**WORK TASK:**
Every record must be repeated exactly, with no omission.

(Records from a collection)
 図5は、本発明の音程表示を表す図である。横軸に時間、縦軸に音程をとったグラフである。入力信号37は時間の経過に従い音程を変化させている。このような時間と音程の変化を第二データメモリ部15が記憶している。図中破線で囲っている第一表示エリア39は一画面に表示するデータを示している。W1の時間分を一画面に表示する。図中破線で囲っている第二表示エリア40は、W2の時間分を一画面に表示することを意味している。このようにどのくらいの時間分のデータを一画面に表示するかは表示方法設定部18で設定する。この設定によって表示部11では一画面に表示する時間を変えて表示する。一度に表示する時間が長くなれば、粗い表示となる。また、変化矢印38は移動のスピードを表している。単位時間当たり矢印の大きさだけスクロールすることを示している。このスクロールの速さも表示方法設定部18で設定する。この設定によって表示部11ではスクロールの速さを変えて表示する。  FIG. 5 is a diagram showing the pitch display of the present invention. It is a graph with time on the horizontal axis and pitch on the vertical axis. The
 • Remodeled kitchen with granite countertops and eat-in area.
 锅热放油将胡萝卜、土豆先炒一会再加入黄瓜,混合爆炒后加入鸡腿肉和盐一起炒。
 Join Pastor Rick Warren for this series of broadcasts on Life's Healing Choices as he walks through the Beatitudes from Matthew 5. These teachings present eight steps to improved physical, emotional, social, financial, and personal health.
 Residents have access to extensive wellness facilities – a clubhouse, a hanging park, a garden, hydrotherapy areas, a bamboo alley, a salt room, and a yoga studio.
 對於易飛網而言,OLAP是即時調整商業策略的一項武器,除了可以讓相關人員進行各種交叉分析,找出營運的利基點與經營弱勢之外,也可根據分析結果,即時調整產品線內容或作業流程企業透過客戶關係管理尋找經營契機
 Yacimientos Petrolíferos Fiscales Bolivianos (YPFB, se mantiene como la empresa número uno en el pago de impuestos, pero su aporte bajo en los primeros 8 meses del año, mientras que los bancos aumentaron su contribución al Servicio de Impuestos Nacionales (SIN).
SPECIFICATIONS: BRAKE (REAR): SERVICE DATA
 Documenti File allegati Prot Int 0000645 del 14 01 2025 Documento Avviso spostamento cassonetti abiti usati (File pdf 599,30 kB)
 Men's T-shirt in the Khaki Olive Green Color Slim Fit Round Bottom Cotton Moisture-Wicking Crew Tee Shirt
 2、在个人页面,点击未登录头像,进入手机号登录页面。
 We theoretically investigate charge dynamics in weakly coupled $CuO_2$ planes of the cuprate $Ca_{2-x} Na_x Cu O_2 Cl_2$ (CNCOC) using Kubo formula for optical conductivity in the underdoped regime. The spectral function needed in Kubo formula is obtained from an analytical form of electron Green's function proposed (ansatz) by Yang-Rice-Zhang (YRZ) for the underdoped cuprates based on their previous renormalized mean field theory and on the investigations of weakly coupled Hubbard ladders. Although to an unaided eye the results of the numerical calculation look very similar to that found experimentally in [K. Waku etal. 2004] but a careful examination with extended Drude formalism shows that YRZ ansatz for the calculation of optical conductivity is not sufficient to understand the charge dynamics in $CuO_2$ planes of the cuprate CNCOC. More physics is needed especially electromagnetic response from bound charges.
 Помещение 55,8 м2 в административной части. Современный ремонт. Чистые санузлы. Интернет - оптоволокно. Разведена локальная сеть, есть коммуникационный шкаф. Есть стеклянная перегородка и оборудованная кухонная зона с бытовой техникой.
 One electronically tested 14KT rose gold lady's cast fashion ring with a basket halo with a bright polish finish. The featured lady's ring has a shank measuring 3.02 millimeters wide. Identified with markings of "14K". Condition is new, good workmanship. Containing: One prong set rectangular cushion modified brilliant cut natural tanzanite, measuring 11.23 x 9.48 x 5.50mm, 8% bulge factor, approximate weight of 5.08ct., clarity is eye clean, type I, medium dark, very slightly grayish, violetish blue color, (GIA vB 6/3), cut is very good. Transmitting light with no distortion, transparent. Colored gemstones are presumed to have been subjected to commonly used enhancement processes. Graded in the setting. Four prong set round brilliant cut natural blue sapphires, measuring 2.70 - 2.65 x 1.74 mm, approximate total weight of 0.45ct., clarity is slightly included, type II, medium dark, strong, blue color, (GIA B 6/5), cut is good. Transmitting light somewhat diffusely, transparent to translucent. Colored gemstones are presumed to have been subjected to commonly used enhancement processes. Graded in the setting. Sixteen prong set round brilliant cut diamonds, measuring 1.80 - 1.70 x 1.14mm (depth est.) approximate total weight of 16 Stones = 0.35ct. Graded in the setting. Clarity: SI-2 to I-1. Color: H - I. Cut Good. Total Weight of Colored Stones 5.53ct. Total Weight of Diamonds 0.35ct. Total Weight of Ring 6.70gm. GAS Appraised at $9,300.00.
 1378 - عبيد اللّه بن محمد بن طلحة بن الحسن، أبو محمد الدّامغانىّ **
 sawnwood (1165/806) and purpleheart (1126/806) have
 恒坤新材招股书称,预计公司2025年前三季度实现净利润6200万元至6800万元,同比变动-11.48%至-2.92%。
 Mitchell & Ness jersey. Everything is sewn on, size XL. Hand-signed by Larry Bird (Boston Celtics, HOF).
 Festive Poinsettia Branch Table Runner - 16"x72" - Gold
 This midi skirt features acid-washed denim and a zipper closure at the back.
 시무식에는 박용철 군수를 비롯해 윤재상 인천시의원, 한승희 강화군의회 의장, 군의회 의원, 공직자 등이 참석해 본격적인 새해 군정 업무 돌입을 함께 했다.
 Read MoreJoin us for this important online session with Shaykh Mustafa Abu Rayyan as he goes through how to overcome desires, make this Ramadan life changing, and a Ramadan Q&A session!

**SOLUTION FOR THIS EXERCISE:**
 図5は、本発明の音程表示を表す図である。横軸に時間、縦軸に音程をとったグラフである。入力信号37は時間の経過に従い音程を変化させている。このような時間と音程の変化を第二データメモリ部15が記憶している。図中破線で囲っている第一表示エリア39は一画面に表示するデータを示している。W1の時間分を一画面に表示する。図中破線で囲っている第二表示エリア40は、W2の時間分を一画面に表示することを意味している。このようにどのくらいの時間分のデータを一画面に表示するかは表示方法設定部18で設定する。この設定によって表示部11では一画面に表示する時間を変えて表示する。一度に表示する時間が長くなれば、粗い表示となる。また、変化矢印38は移動のスピードを表している。単位時間当たり矢印の大きさだけスクロールすることを示している。このスクロールの速さも表示方法設定部18で設定する。この設定によって表示部11ではスクロールの速さを変えて表示する。  FIG. 5 is a diagram showing the pitch display of the present invention. It is a graph with time on the horizontal axis and pitch on the vertical axis. The
 • Remodeled kitchen with granite countertops and eat-in area.
 锅热放油将胡萝卜、土豆先炒一会再加入黄瓜,混合爆炒后加入鸡腿肉和盐一起炒。
 Join Pastor Rick Warren for this series of broadcasts on Life's Healing Choices as he walks through the Beatitudes from Matthew 5. These teachings present eight steps to improved physical, emotional, social, financial, and personal health.
 Residents have access to extensive wellness facilities – a clubhouse, a hanging park, a garden, hydrotherapy areas, a bamboo alley, a salt room, and a yoga studio.
 對於易飛網而言,OLAP是即時調整商業策略的一項武器,除了可以讓相關人員進行各種交叉分析,找出營運的利基點與經營弱勢之外,也可根據分析結果,即時調整產品線內容或作業流程企業透過客戶關係管理尋找經營契機
 Yacimientos Petrolíferos Fiscales Bolivianos (YPFB, se mantiene como la empresa número uno en el pago de impuestos, pero su aporte bajo en los primeros 8 meses del año, mientras que los bancos aumentaron su contribución al Servicio de Impuestos Nacionales (SIN).
SPECIFICATIONS: BRAKE (REAR): SERVICE DATA
 Documenti File allegati Prot Int 0000645 del 14 01 2025 Documento Avviso spostamento cassonetti abiti usati (File pdf 599,30 kB)
 Men's T-shirt in the Khaki Olive Green Color Slim Fit Round Bottom Cotton Moisture-Wicking Crew Tee Shirt
 2、在个人页面,点击未登录头像,进入手机号登录页面。
 We theoretically investigate charge dynamics in weakly coupled $CuO_2$ planes of the cuprate $Ca_{2-x} Na_x Cu O_2 Cl_2$ (CNCOC) using Kubo formula for optical conductivity in the underdoped regime. The spectral function needed in Kubo formula is obtained from an analytical form of electron Green's function proposed (ansatz) by Yang-Rice-Zhang (YRZ) for the underdoped cuprates based on their previous renormalized mean field theory and on the investigations of weakly coupled Hubbard ladders. Although to an unaided eye the results of the numerical calculation look very similar to that found experimentally in [K. Waku etal. 2004] but a careful examination with extended Drude formalism shows that YRZ ansatz for the calculation of optical conductivity is not sufficient to understand the charge dynamics in $CuO_2$ planes of the cuprate CNCOC. More physics is needed especially electromagnetic response from bound charges.
 Помещение 55,8 м2 в административной части. Современный ремонт. Чистые санузлы. Интернет - оптоволокно. Разведена локальная сеть, есть коммуникационный шкаф. Есть стеклянная перегородка и оборудованная кухонная зона с бытовой техникой.
 One electronically tested 14KT rose gold lady's cast fashion ring with a basket halo with a bright polish finish. The featured lady's ring has a shank measuring 3.02 millimeters wide. Identified with markings of "14K". Condition is new, good workmanship. Containing: One prong set rectangular cushion modified brilliant cut natural tanzanite, measuring 11.23 x 9.48 x 5.50mm, 8% bulge factor, approximate weight of 5.08ct., clarity is eye clean, type I, medium dark, very slightly grayish, violetish blue color, (GIA vB 6/3), cut is very good. Transmitting light with no distortion, transparent. Colored gemstones are presumed to have been subjected to commonly used enhancement processes. Graded in the setting. Four prong set round brilliant cut natural blue sapphires, measuring 2.70 - 2.65 x 1.74 mm, approximate total weight of 0.45ct., clarity is slightly included, type II, medium dark, strong, blue color, (GIA B 6/5), cut is good. Transmitting light somewhat diffusely, transparent to translucent. Colored gemstones are presumed to have been subjected to commonly used enhancement processes. Graded in the setting. Sixteen prong set round brilliant cut diamonds, measuring 1.80 - 1.70 x 1.14mm (depth est.) approximate total weight of 16 Stones = 0.35ct. Graded in the setting. Clarity: SI-2 to I-1. Color: H - I. Cut Good. Total Weight of Colored Stones 5.53ct. Total Weight of Diamonds 0.35ct. Total Weight of Ring 6.70gm. GAS Appraised at $9,300.00.
 1378 - عبيد اللّه بن محمد بن طلحة بن الحسن، أبو محمد الدّامغانىّ **
 sawnwood (1165/806) and purpleheart (1126/806) have
 恒坤新材招股书称,预计公司2025年前三季度实现净利润6200万元至6800万元,同比变动-11.48%至-2.92%。
 Mitchell & Ness jersey. Everything is sewn on, size XL. Hand-signed by Larry Bird (Boston Celtics, HOF).
 Festive Poinsettia Branch Table Runner - 16"x72" - Gold
 This midi skirt features acid-washed denim and a zipper closure at the back.
 시무식에는 박용철 군수를 비롯해 윤재상 인천시의원, 한승희 강화군의회 의장, 군의회 의원, 공직자 등이 참석해 본격적인 새해 군정 업무 돌입을 함께 했다.
 Read MoreJoin us for this important online session with Shaykh Mustafa Abu Rayyan as he goes through how to overcome desires, make this Ramadan life changing, and a Ramadan Q&A session!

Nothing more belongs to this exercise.